→ What needs to be done:
Starting with the first line below, extract each line through the one that contains "会上,丁子信、刘永胜为新聘产", inclusive, excluding pictures.

→ Records supplied:
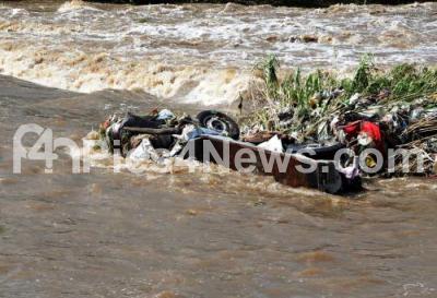 Photo Caption : Tata Ace vehicle which was washed away in the rain water, due to heavy rainfall whole in the city, in Bengaluru on Sunday 10th September 2017
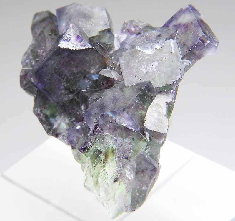 迷彩色の美しい結晶群。紫外線長波で蛍光し白熱灯下でカラーチェンジします。
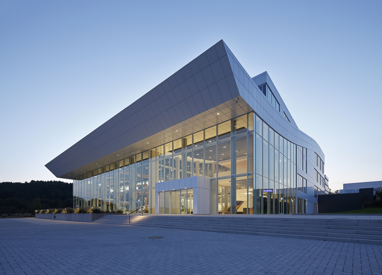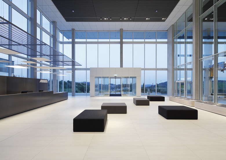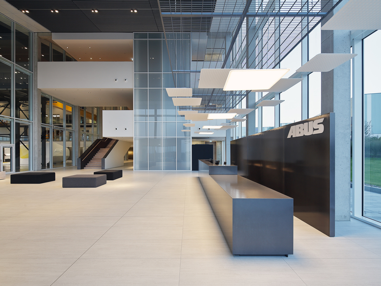 Weltweit führend, und doch regional verwurzelt – so präsentiert sich die ABUS Kransysteme GmbH aus Gummersbach. Besucher und Mitarbeiter betreten das Gebäude über ein großzügiges Foyer, das über mehrere Stockwerke den Blick in die Kranhalle freigibt und durch seine puristische und lichtdurchflutete Atmosphäre besticht. Als Beleuchtungselemente und zur Optimierung der Raumakustik setzte das Düsseldorfer Innenarchitekturbüro raumkontor über dem Empfangstresen Rossoacoustic PADs, kombiniert mit Project Leuchten von Nimbus ein. Den Planern gefiel dabei besonders die „gelungene, effizient und gut gestaltete Kombination von Beleuchtung und Akustikpaneelen“. Insgesamt legte das erfahrene Büro überall im Haus Wert auf eine Ehrlichkeit der eingesetzten Materialien. Die Planer wählten für die Ausgestaltung vieler Raumszenarien traditionelle, regional geprägte Elemente, die über eine Neuinterpretation originell und detailreich in die Jetztzeit geholt wurden. Über die Raumgestaltung hinaus war das Büro auch für die grafische Gestaltung vieler Elemente verantwortlich.
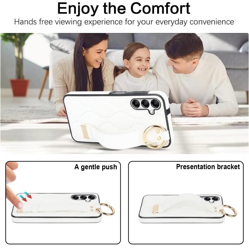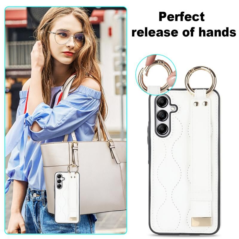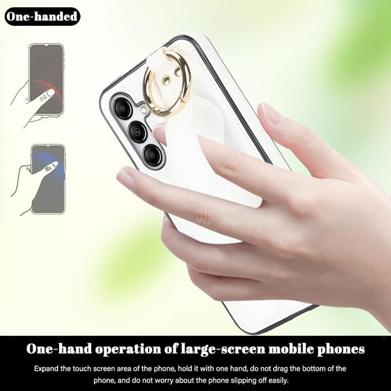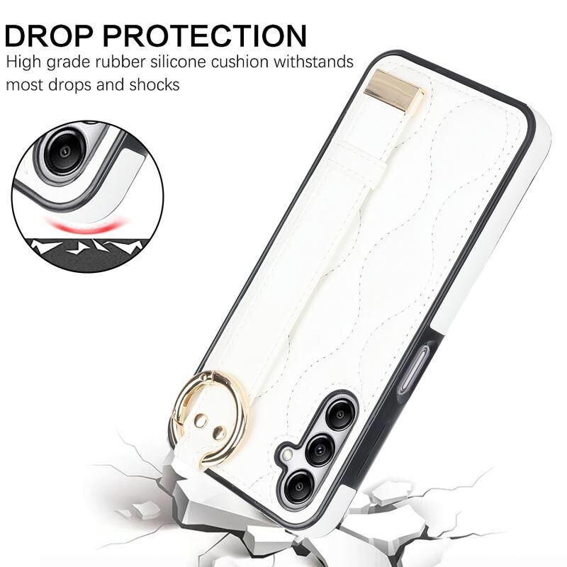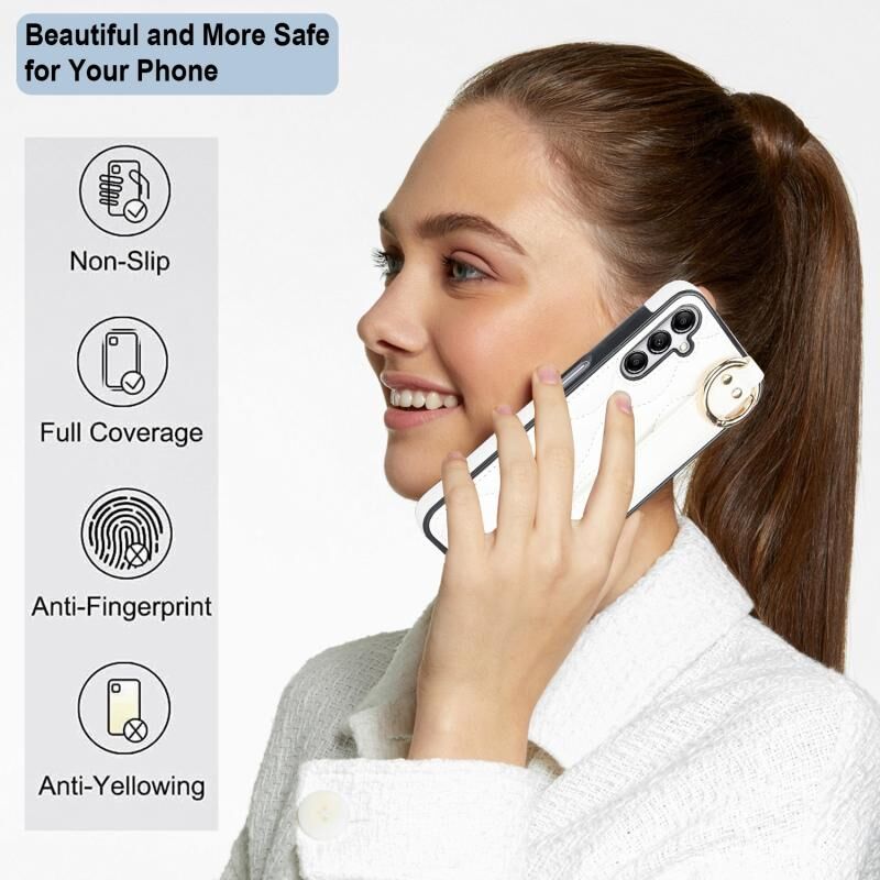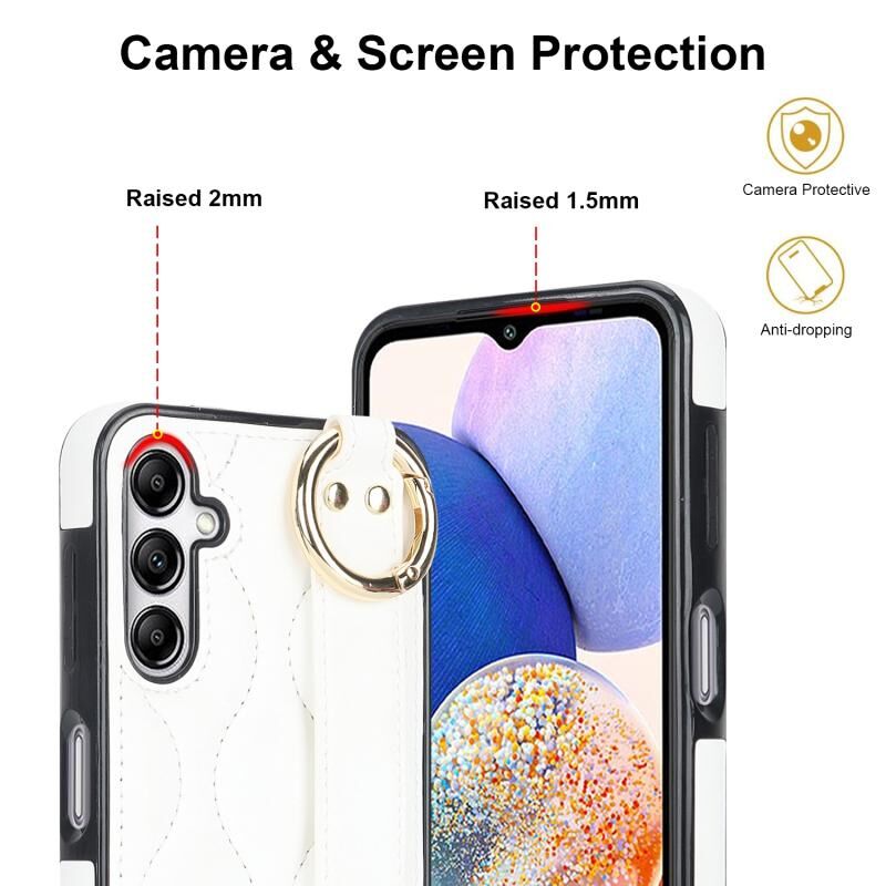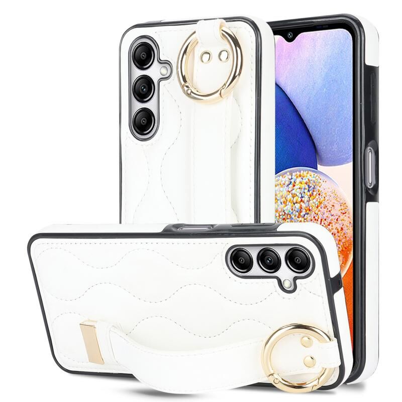 Για το Samsung Galaxy A14 4G / 5G Αντιολισθητική θήκη τηλεφώνου PU δακτυλίου πλήρους κάλυψης με ζώνη καρπού (λευκό)
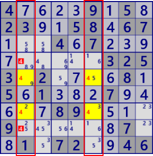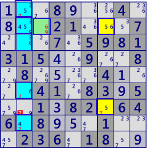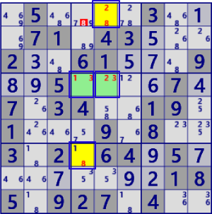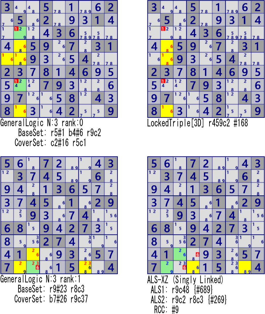 GeneralLogic解の例を示します。上段は 「LockedTriple[3D] r459c2 #168 r37c2#1 is not True」と除外されるセル・数字は同じですが、従来手法に対応する解法がありません。
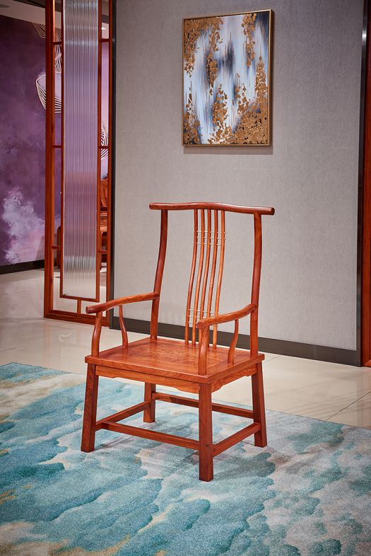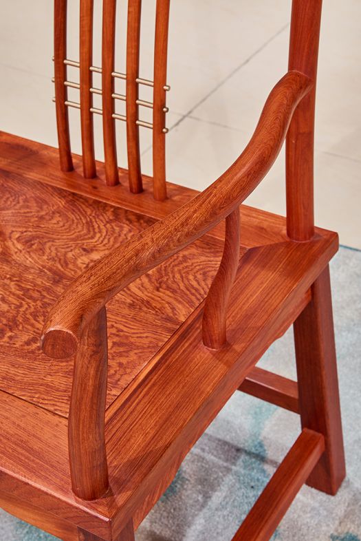 官帽椅搭腦出頭,與古代官員的官帽相似,官帽椅直接將官運(yùn)的亨通顯達(dá)命名其中,寓意仕途的出路。
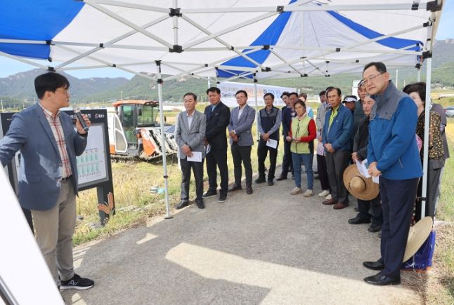 군은 18일 농림축산식품부 공모사업으로 선정된‘저탄소 벼 논물관리 기술보급 시범사업’사업대상지인 계곡면 방춘리 일원에서 벼수확과 함께 현장 설명회를 개최했다.
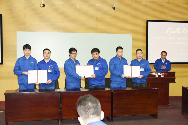 会上,丁子信、刘永胜为新聘产业导师颁发聘书。产业导师代表与学生代表签订导师带徒协议。会议还播放了2018级学生在潍柴集团理实一体阶段性学习总结视频。
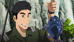Much like the episode title suggests, the main focus was to stress the importance of Samonji’s leadership. Without him or Suzushiro–or Kutsuwada Tsutomu (Kondou Takayuki) due to an upset stomach from eating a fish that he caught–the chain of command dwindled down pretty quickly to Okui Masaru (Okitsu Kazuyuki). My initial reaction to that was probably not to different from most others–“To who?”–because names like Kutsuwada and Okui just haven’t been mentioned much in the past nine episodes. We’ve come across a lot of faces, but there simply haven’t been a lot of names that stuck. Evidently, this episode tried to rectify that in some way, plus served as a lead-in to what I imagine to be a much more important development surrounding Toshikazu Cayenne (Koyama Rikiya) and his interest in Tokimune/Argevollen.
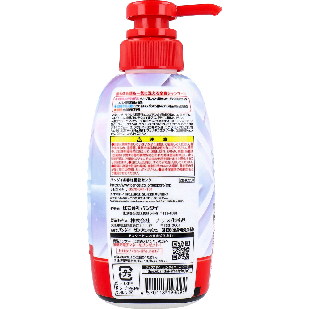| 素材 | 【化粧品】 全身用洗浄料 販売名:バンダイゼンプウォッシュSH26 【全成分】 水、ラウレス硫酸Na、ココアンホジ酢酸2Na、コカミドDEA、ソルビトール、塩化Na、ラウロイルアスパラギン酸Na、セリン、水溶性コラーゲン、オリーブ葉エキス、甘草エキス、DPG、ジステアリン酸グリコール、クエン酸、コカミドプロピルベタイン、ココベタイン、ポリクオタニウム-10、ラウレス-6カルボン酸、ラウラミノプロピオン酸Na、BG、EDTA-2Na、香料、フェノキシエタノール、安息香酸Na、メチルパラベン、エチルパラベン 【使用方法】 ・適量を手に取り、水又はぬるま湯でよく泡立ててご使用ください。その後、十分に洗い流してください。 ・髪を洗う場合は、髪をお湯で濡らしてから、シャンプーしてください。 ★ポンプの使い方 ・使い始めはポンプ下部を片手でおさえながら、ノズルを回し、上げてください。 ※ノズルを逆に回すとポンプが上がらなくなる場合があります。 |

→ Result:
 Photo Caption : Tata Ace vehicle which was washed away in the rain water, due to heavy rainfall whole in the city, in Bengaluru on Sunday 10th September 2017
 迷彩色の美しい結晶群。紫外線長波で蛍光し白熱灯下でカラーチェンジします。
 Weltweit führend, und doch regional verwurzelt – so präsentiert sich die ABUS Kransysteme GmbH aus Gummersbach. Besucher und Mitarbeiter betreten das Gebäude über ein großzügiges Foyer, das über mehrere Stockwerke den Blick in die Kranhalle freigibt und durch seine puristische und lichtdurchflutete Atmosphäre besticht. Als Beleuchtungselemente und zur Optimierung der Raumakustik setzte das Düsseldorfer Innenarchitekturbüro raumkontor über dem Empfangstresen Rossoacoustic PADs, kombiniert mit Project Leuchten von Nimbus ein. Den Planern gefiel dabei besonders die „gelungene, effizient und gut gestaltete Kombination von Beleuchtung und Akustikpaneelen“. Insgesamt legte das erfahrene Büro überall im Haus Wert auf eine Ehrlichkeit der eingesetzten Materialien. Die Planer wählten für die Ausgestaltung vieler Raumszenarien traditionelle, regional geprägte Elemente, die über eine Neuinterpretation originell und detailreich in die Jetztzeit geholt wurden. Über die Raumgestaltung hinaus war das Büro auch für die grafische Gestaltung vieler Elemente verantwortlich.
 Για το Samsung Galaxy A14 4G / 5G Αντιολισθητική θήκη τηλεφώνου PU δακτυλίου πλήρους κάλυψης με ζώνη καρπού (λευκό)
 GeneralLogic解の例を示します。上段は 「LockedTriple[3D] r459c2 #168 r37c2#1 is not True」と除外されるセル・数字は同じですが、従来手法に対応する解法がありません。
 官帽椅搭腦出頭,與古代官員的官帽相似,官帽椅直接將官運(yùn)的亨通顯達(dá)命名其中,寓意仕途的出路。
 군은 18일 농림축산식품부 공모사업으로 선정된‘저탄소 벼 논물관리 기술보급 시범사업’사업대상지인 계곡면 방춘리 일원에서 벼수확과 함께 현장 설명회를 개최했다.
 会上,丁子信、刘永胜为新聘产业导师颁发聘书。产业导师代表与学生代表签订导师带徒协议。会议还播放了2018级学生在潍柴集团理实一体阶段性学习总结视频。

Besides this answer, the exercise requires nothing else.